WHAT YOU HAVE TO DO: Copy out the lines of the records below, and only those lines, from the one with "Asegúrese de que" through the one with "Mocasín casual. Parte", exactly as they appear.

MATERIAL FOR THE TASK:
# # # #

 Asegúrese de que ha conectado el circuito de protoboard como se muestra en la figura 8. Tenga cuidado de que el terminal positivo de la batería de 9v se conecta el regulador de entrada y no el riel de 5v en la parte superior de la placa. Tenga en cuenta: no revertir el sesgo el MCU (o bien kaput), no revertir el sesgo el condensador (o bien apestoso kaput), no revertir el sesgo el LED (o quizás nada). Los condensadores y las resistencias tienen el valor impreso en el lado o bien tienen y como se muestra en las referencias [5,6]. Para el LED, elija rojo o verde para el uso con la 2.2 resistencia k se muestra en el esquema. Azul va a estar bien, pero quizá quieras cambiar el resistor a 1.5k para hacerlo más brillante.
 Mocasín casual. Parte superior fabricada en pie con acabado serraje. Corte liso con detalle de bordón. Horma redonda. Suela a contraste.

# # # #

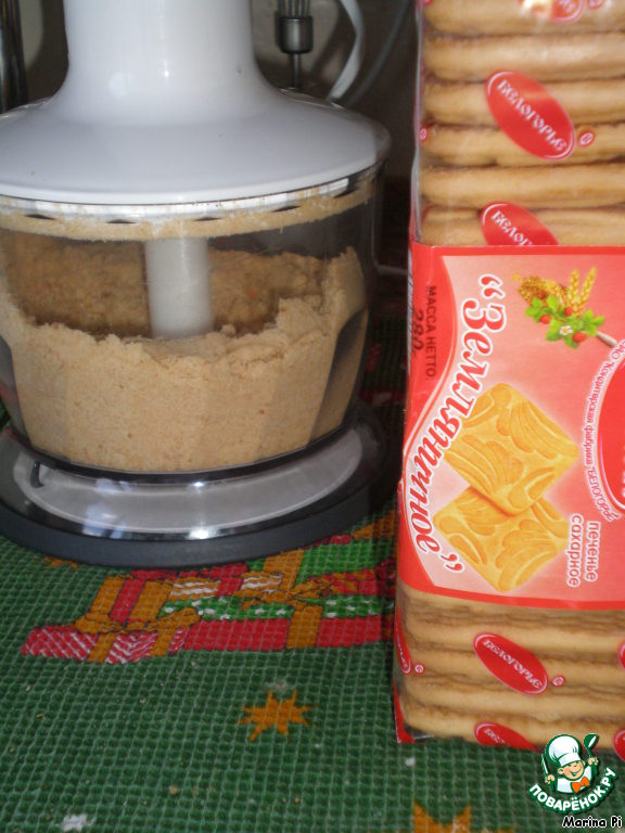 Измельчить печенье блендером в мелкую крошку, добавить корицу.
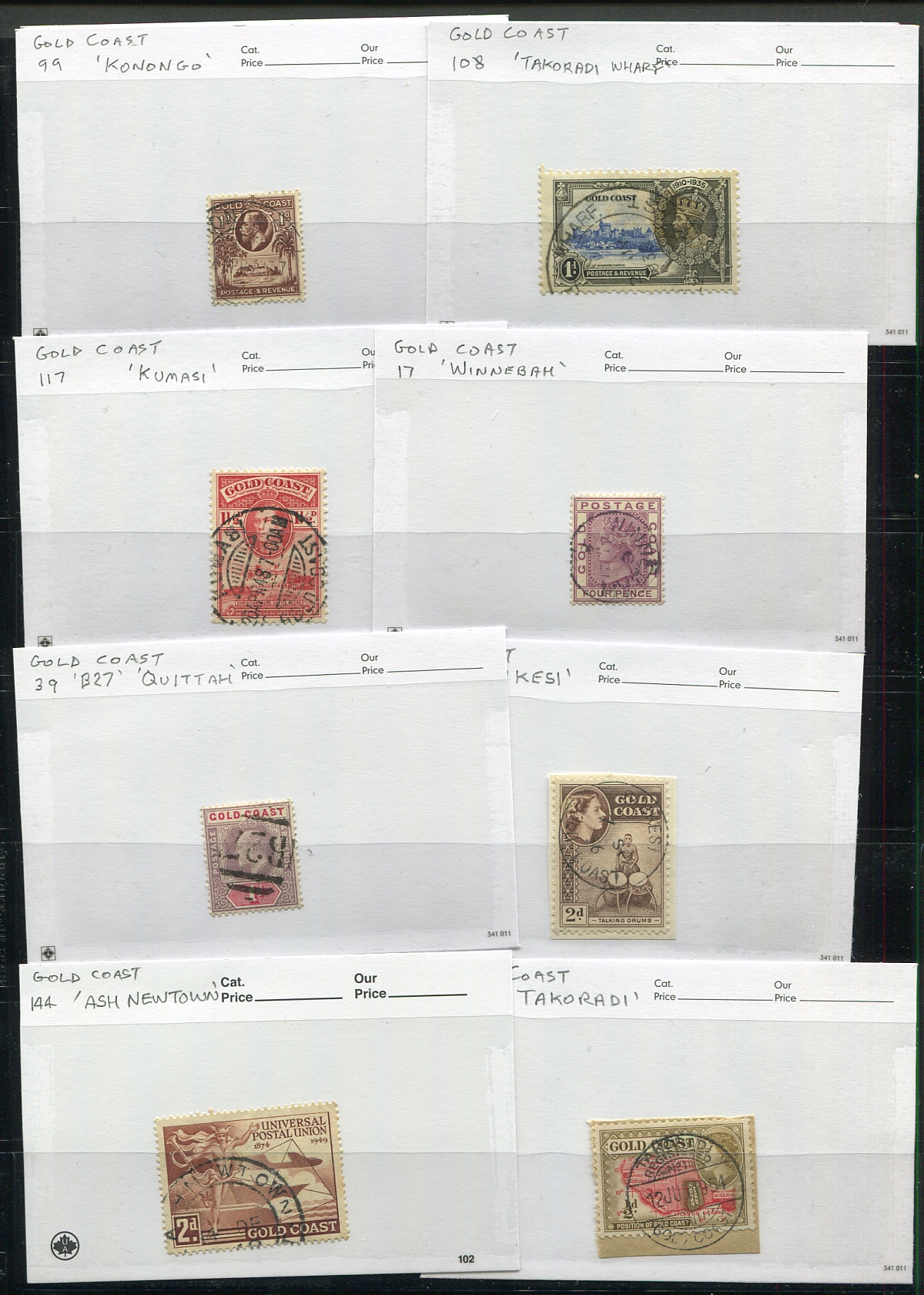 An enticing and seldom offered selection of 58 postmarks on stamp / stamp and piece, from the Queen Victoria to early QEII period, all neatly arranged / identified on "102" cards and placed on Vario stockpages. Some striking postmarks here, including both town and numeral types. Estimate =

# # # #

TASK ANSWER:
 Asegúrese de que ha conectado el circuito de protoboard como se muestra en la figura 8. Tenga cuidado de que el terminal positivo de la batería de 9v se conecta el regulador de entrada y no el riel de 5v en la parte superior de la placa. Tenga en cuenta: no revertir el sesgo el MCU (o bien kaput), no revertir el sesgo el condensador (o bien apestoso kaput), no revertir el sesgo el LED (o quizás nada). Los condensadores y las resistencias tienen el valor impreso en el lado o bien tienen y como se muestra en las referencias [5,6]. Para el LED, elija rojo o verde para el uso con la 2.2 resistencia k se muestra en el esquema. Azul va a estar bien, pero quizá quieras cambiar el resistor a 1.5k para hacerlo más brillante.
 Mocasín casual. Parte superior fabricada en pie con acabado serraje. Corte liso con detalle de bordón. Horma redonda. Suela a contraste.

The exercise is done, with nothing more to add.